Googleは2018年6月に、AI技術を軍事転用しないこと、そしてAI開発の原則を発表した。映画「ターミネーター」を見たことのある読者は多いだろうが、あの世界を現実のものとしないというのがGoogleの目指すべきところだろう。

実際、Googleは世界でもっともAI研究が進んでいる組織だし、国防上の要請があればAIに限らず技術や情報をアメリカに提供してきた。そのGoogleがAI技術について特に「軍事転用しない」と宣言したことの意味は大きい。

別の記事でも伝えたとおり、マシンラーニングとニューラルネットワークを利用したディープラーニングによって成長するAIは、どのようにも育てられる。いわゆる「グロ画像」ばかりを学習させたことで精神異常をきたしたMITの「ノーマン」はそれを証明する存在だが、もっと他の使い方もあるはずだ。

たとえば、AIに「勝率の高い軍司令官の言葉」を学習させれば戦闘指導に長けたAIが生まれるのだろうし、「兵士の損失が少なかった戦い」の戦術データを学習させれば兵の死なない戦いを指揮するAIが生まれるかもしれない。

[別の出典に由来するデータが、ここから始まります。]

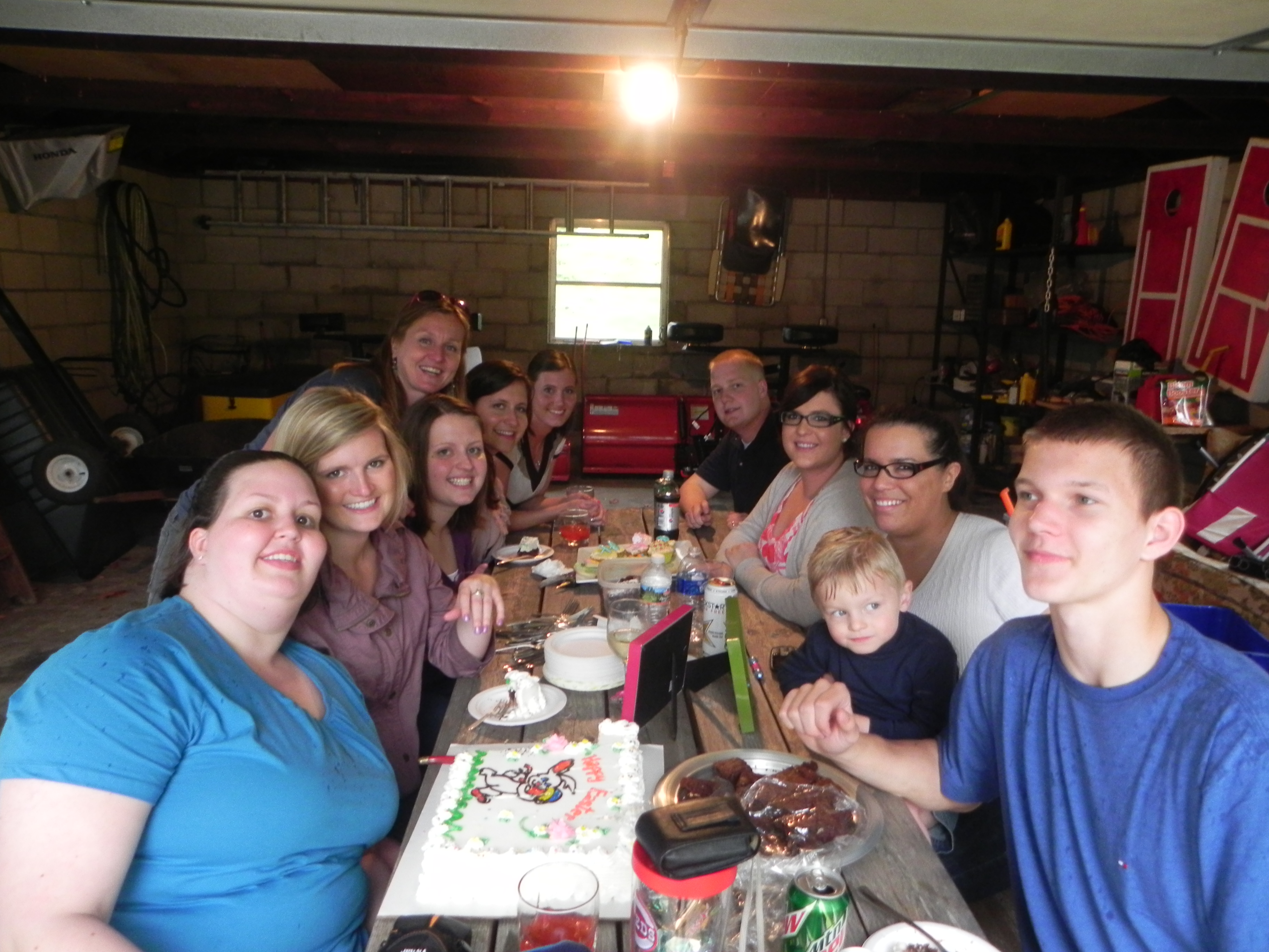 After eating way too much food (including insanely gorgeous red velvet cupcakes with cream cheese icing ala Meg-pie), we hopped in the truck to head to Grandma Heile’s house (now owned by my cousin Laura since Grandma died last Summer).  Maria was all excited because she had on a gorgeous Easter dress that she knew all of her girl cousins were adore (she loves dressing up for them because they ogle over her all day!).  Mario was excited because Robert and Cy, our high school boy cousins, would be there and he could stand in awe of them playing basketball and toss the ball with them.   Maria got the attention she expected and she even scored some potato salad from Aunt Jane (her absolute favorite food after pasta and meatballs!).  Mario got to throw the volleyball to us after each play (although he would only throw it to Robert most times).
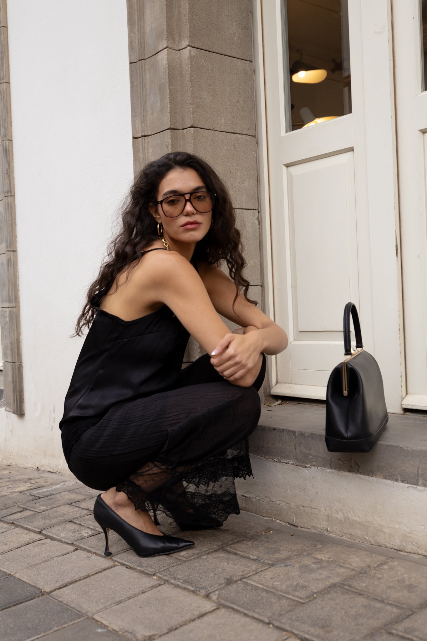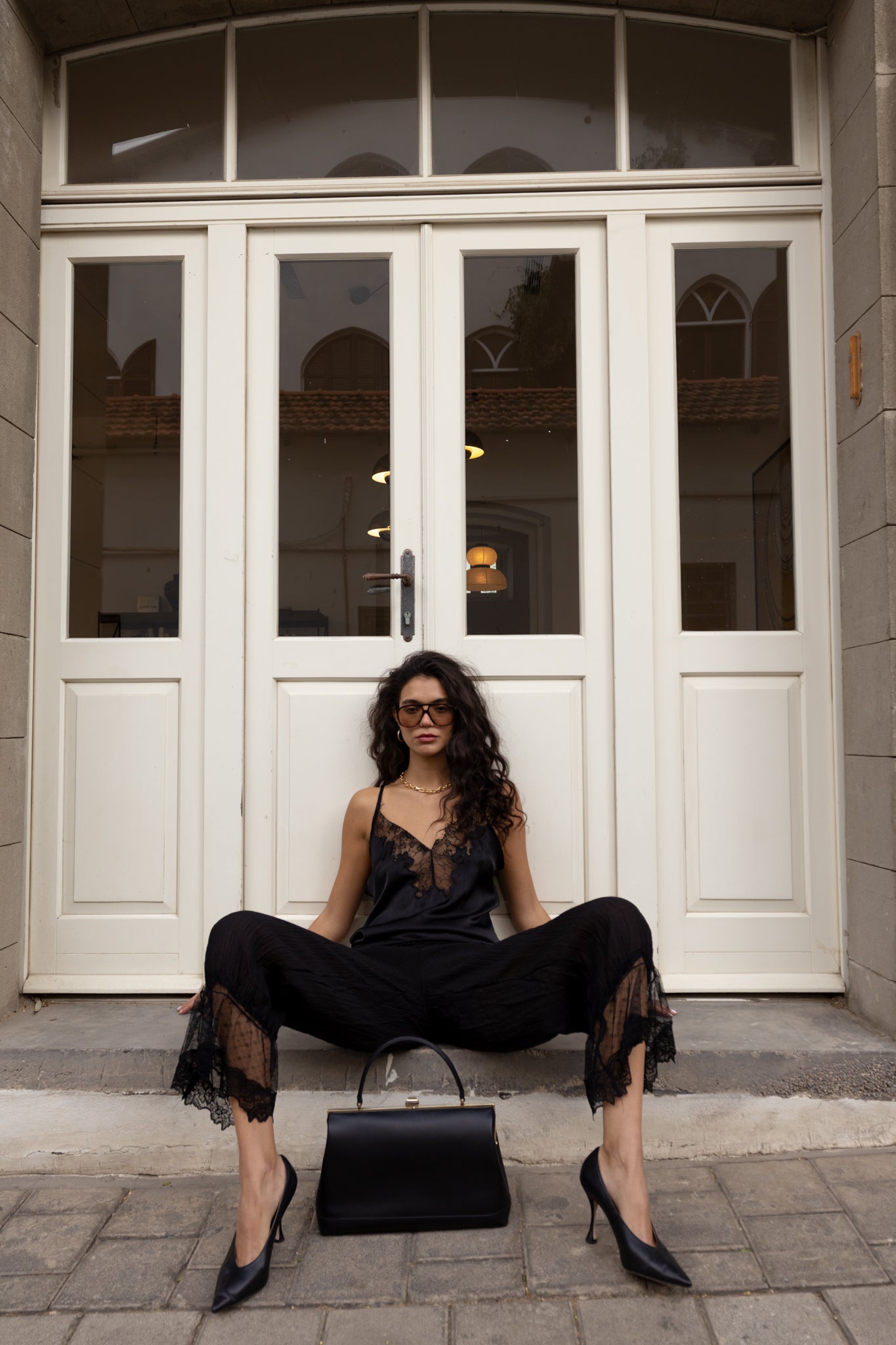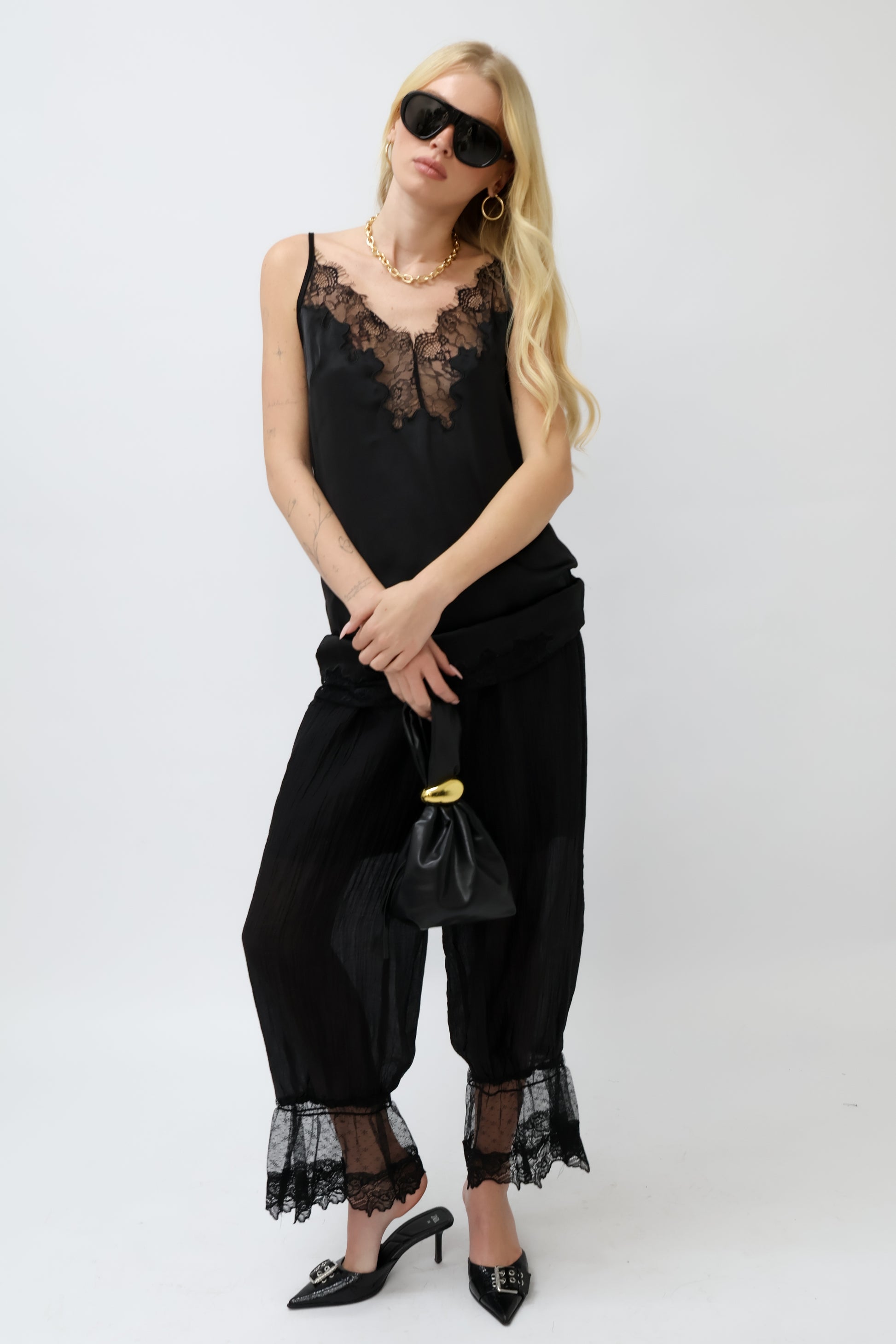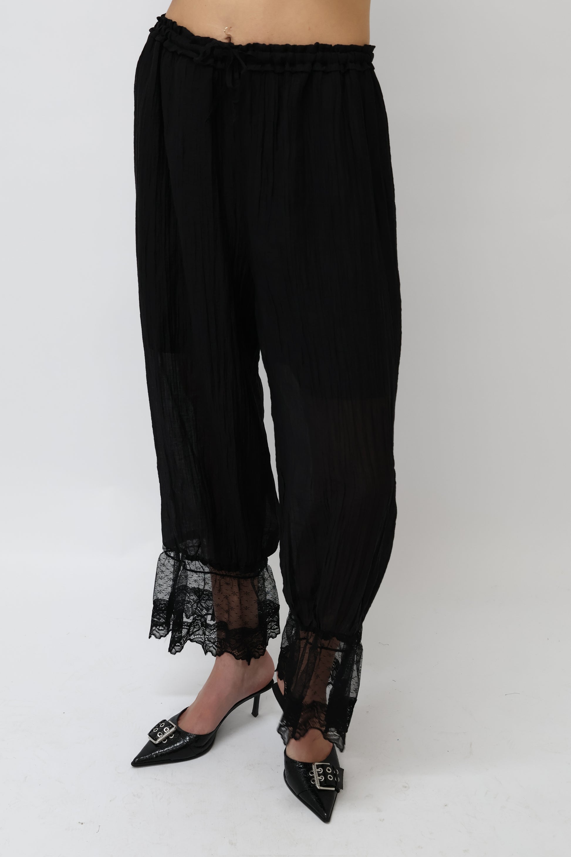 מכנסיים שחורים שקפקפים דקיקים בסגנון בוהו שיק, אורך 7/8 וסיומת תחרה

しかし、AIにおける技術的な難しさは、学習過程での「調整」にある。ただ参照しつづけるだけではAIを育てることはできず、学習のもととなるデータの調整、成長具合を見ながらのニューラルネットワークの調整など、多くの経験と高い技術が必要な場面があるのだ。

その技術において、世界でもっとも進んだ組織のひとつが、Googleである。

AIに学習させたいデータはアメリカ国防総省が持っているが、それだけではAIを作ることはできないので、成長過程における調整技術をGoogleが提供しないというのはAIによる戦争が来る未来を確実に一歩、遅らせただろう。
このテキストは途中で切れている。